На другой фотографии был врачебный коллектив. Два доктора и шесть медсестер с тюльпанами в руках стояли в ряд возле кабинета заведующего.

— Теперь текст, — сказал Никон. — Читай вслух.

Худой стал читать:

— «У меня уже был “первый взрослый”, и если б я продолжил тренироваться, то к концу десятого класса стал бы камээсом, факт. Мой тренер, крикливый и требовательный мужик с хорошей, спортивной фамилией Третьяк, утверждал, что я перспективный брассист. И в “комплексе” я тоже показывал хорошие результаты. В октябре восьмидесятого я взял третье место по Москве среди юниоров. Но болтаться от бортика к бортику мне к тому времени надоело, я точно знал, что со спортом пора завязывать. Я уже решил поступать в Первый Мед, хотел быть хирургом, как дядя Боря. Мы с отцом имели про это серьезный разговор. Отец был прижимист, не помню, чтоб они с мамой хоть раз ходили в ресторан. Он работал на заводе “Каучук”, замначальника цеха. Мы жили скромно, не было ни дачи, ни машины. После того, как мы решили, что я буду поступать в медицинский, отец нашел репетиторов по химии и биологии и полгода платил по восемь рублей за занятие. Он любил Эдуарда Хиля и сливочный пломбир. Еще он любил собирать грибы. Я до сих пор помню едкий запах его подмышек и перхоть в седых висках. По утрам он, вздувая вены на бледной шее, поднимал пудовую гирю, завтракал сырым яйцом и ничему меня не научил. Он проверял мой школьный дневник, он сделал так, чтоб я был “сыт, обут, одет”. Но драться, водить машину и разбираться в людях меня научили другие, не отец. Он не растолковал мне, как в восемнадцать правильно повести себя с барышней, когда текут слюни и трясутся поджилки. Как в двадцать три выбрать: ординатура по общей хирургии или место дежуранта с прицелом на аспирантуру. Как скакать по кочкам на опасном болоте с названием “жизнь”. Этому он меня не учил, факт».

Никон сказал:

— Чепуха какая-то… Слушайте, а он не писал роман?

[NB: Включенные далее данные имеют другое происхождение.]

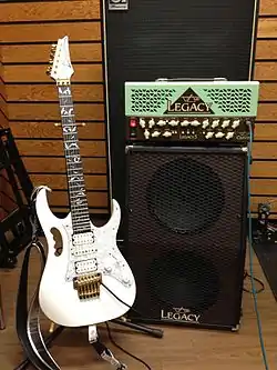 Ibanez (アイバニーズ, Aibanīzu) is a Japanese guitar brand owned by Hoshino Gakki.[1] Based in Nagoya, Aichi, Japan, Hoshino Gakki were one of the first Japanese musical instrument companies to gain a significant foothold in import guitar sales in the United States and Europe, as well as the first brand of guitars to mass-produce the seven-string guitar and eight-string guitar. Ibanez manufactures effects, accessories, amps, and instruments in Japan, China, Indonesia, and the United States (at a Los Angeles-based custom shop). As of 2017 they marketed nearly 165 models of bass guitar, 130 acoustic guitars, and more than 300 electric guitars. After Gibson and Fender, Ibanez is considered the third biggest guitar brand.[2]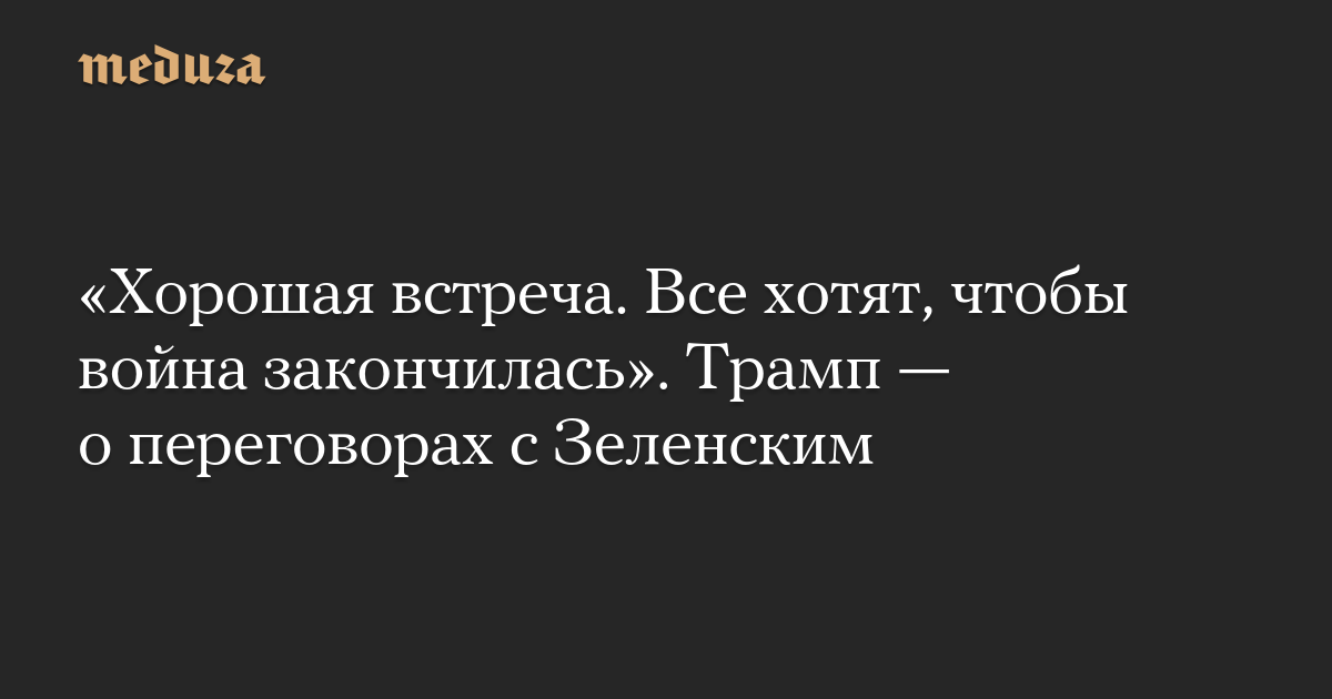 «Хорошая встреча. Все хотят, чтобы война закончилась». Трамп — о переговорах с Зеленским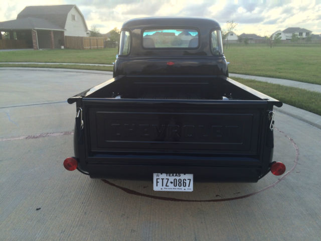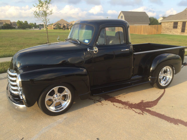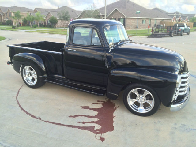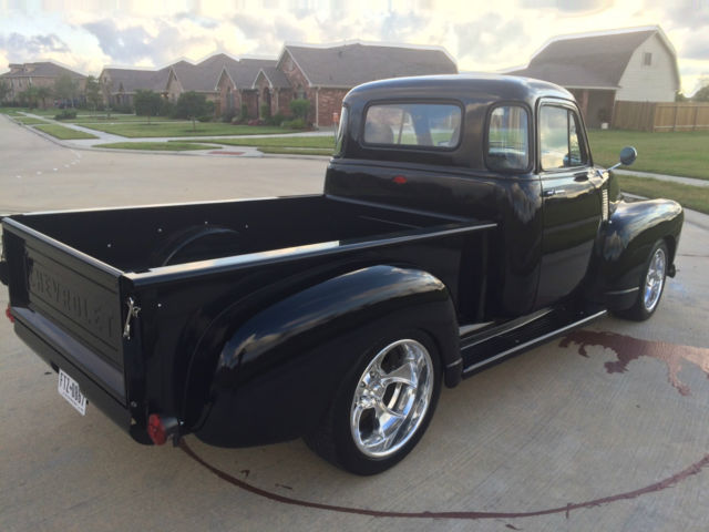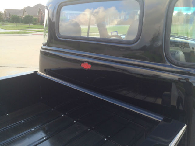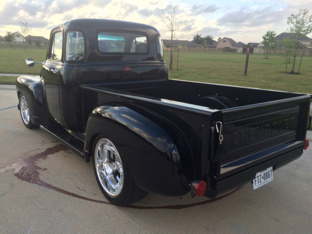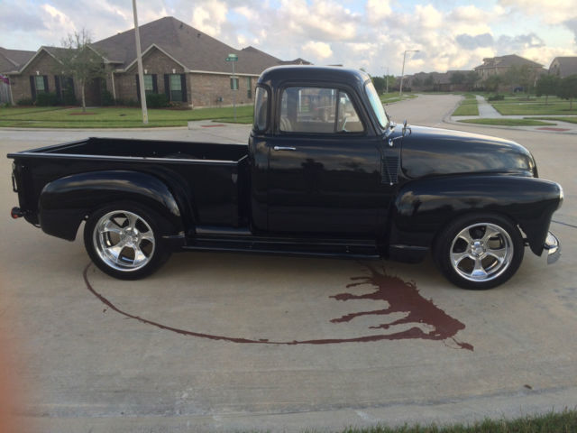 1954 Chevy LS2 Five Window You’ve heard it before, his isn’t your grandfather’s hay hauler, ut you bet your bottom dollar he wished it was! This has more options than most new 2016 Chevy trucks. The truck comes with power windows, ower brakes, ilt wheel, ower steering, utomatic trans, ower seats, eated seats, ucket seats, eather seats, C, eat, lue tooth, nd cruise control. Yes, ruise control. All this while backed by a wicked 6.0 liter LS 2 Chevy power plant putting out well over 400 horse power! You get the best of both worlds – exterior remains stock looking – low and sleek, nd the interior is as modern as you can get in a vintage truck while having as much power as you will ever need and the reliability of a modern engine. It’s a daily driver that will bring home the car show trophies. The truck is built on a 1992 S-10 frame. This truck has been completed with extreme care and everything has been done right, bsolutely no short cuts. I honestly built this to keep and drive myself so I have put a lot of thought in how I built this, hat kind of components I used and great attention to detail for all. This truck drives down the road true, traight and rides extremely well. The entire truck has been gone through, very nut and bolt. The LS2 has been wired with a Painless wiring system along with another separate harness for all other accessories. Starts and runs smooth, nd is ready to make the drive anywhere you want to take it. The 3 core aluminum radiator keeps it running cool even when you have the AC on keeping you cool. I placed the battery under the wood bed of the truck and made a hinged hide-a-way trap door for easy access. 3rd brake light is the Chevy symbol in the rear of the cab. I will be sending the truck out for wet sand and buffing this week. You will get all receipts for all purchases made for all warranties as the truck was built over the course of the last 11 months. There are far more goodies on the truck than I can explain, o contact me for any questions you may have. Tire kickers can email, erious buyers can call me at 281-900-5157. I have a clear Texas title that is in my name. The truck is currently registered and insured and has passed all Texas state inspections. Below is a list of parts that have been replaced during the restoration: Interior New 14” Banjo steering wheel half wrap black leather, ew cruise control switch, ew brake light switch, ew neutral safety switch, ew Painless wiring harness, ew power window kit, mergency brake handle, ew Dorman power window switches, ew Billet specialties column levers, ew seat belts, ew black high loop carpet, 007 Honda Accord black leather power heated bucket seats, onsole from a 2005 Neon, ront seat heater switches, ll new Omega gauges, ew Apache Retrosound radio, ew 6 X 9 Clarion speakers with new speaker box, ew headliner, ew custom door panels covered in grey leather, ew chrome door handles – inside and out, ew Vintage Air AC & heater system, ew glove box new rear view mirror, ew interior light. Exterior Fresh new black paint, base & 3 clear coats New Chrome grill, ew 7 PC front end link set – all joints included, ll new window glass – clear, ew u joints & steering shaft, ll new Chevrolet deluxe window channel & felt kit, ll new fender welt, ew windshield seal, ew AMD front Chrome bumper, ew outside chrome mirror kit, ll new black stained bed wood, ew Chrome fuel door, ew American racing Gasser 474 custom ordered and made aluminum wheels, ear - 20x10 3.5 BS Front - 18x8 3.5 BS, ll new Continental Tires, lignment on the front end has been performed. Engine & Drive Train LS2 2005 GTO 6.0L New water pump, ew LSx swap motor mounts, ew Performance in tank 58 PSI fuel pump, CM, ew AC Delco TAC module, ew Fuel pump relay, ew Oval tip 2.5 Euro chrome high flow mufflers, ll new 2.5 exhaust, ew LS2 Full flow fuel regulator/filter, ew MAF assembly, orvette gas pedal, ew battery, ew LS2 truck swap manifold headers, ew fuel line, ew AC adapter – Coldhose, ew aluminum radiator hoses, ew output seal – tranny, ew AN fuel fittings, ew 6.0L cold air intake, ew temp sensor, new 10” radiator fans, ew 3 core aluminum radiator with trans cooler, ll new belt tensioners, ew serpentine belt.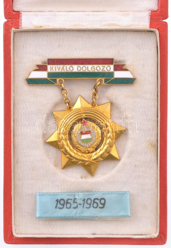 ~1969. "Kiváló Dolgozó" aranyozott, zománcozott, műgyantás j... https://www.darabanth.com/hu/448-Gyorsarveres/448.0/Numizmatika/Falerisztika-Kituntetesek-jelvenyek~500018/7E1969-Kivalo-Dolgozo-aranyozott-zomancozott-mugyantas-jelveny-tokban-TAU~II2964872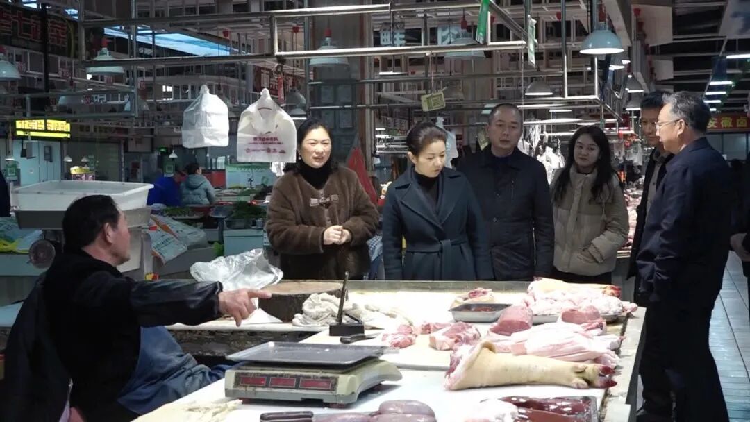 “现在肉价多少?”“供应充足吗?”走进汪家岭菜市场,蒋春艳向摊主了解市场价格及春节期间的出摊情况。她强调,农贸市场要严格落实主体责任,加强对食品安全、储存销售等各环节的管理,确保商品供应充足、品类齐全,满足群众多样化消费需求;各有关部门要切实扛起监管责任,加强巡查力度,严厉打击哄抬物价、假冒伪劣等违法行为,全力保障节日期间食品质量安全和市场价格稳定,同时要督促农贸市场、商超保持干净整洁的卫生环境,让居民买得舒心吃得放心。

— Почему «роман»? — спросил Гена.

— Я читал, что каждый хороший журналист пишет роман.

— Это штамп, — сказал Гена. — Нет, Вовка не писал роман.

— А дневник? — спросил Бравик.

— Что он, барышня уездная? — буркнул Гена.

— Это не все, — сказал Худой. — Читать дальше?

— Читай, — сказал Бравик.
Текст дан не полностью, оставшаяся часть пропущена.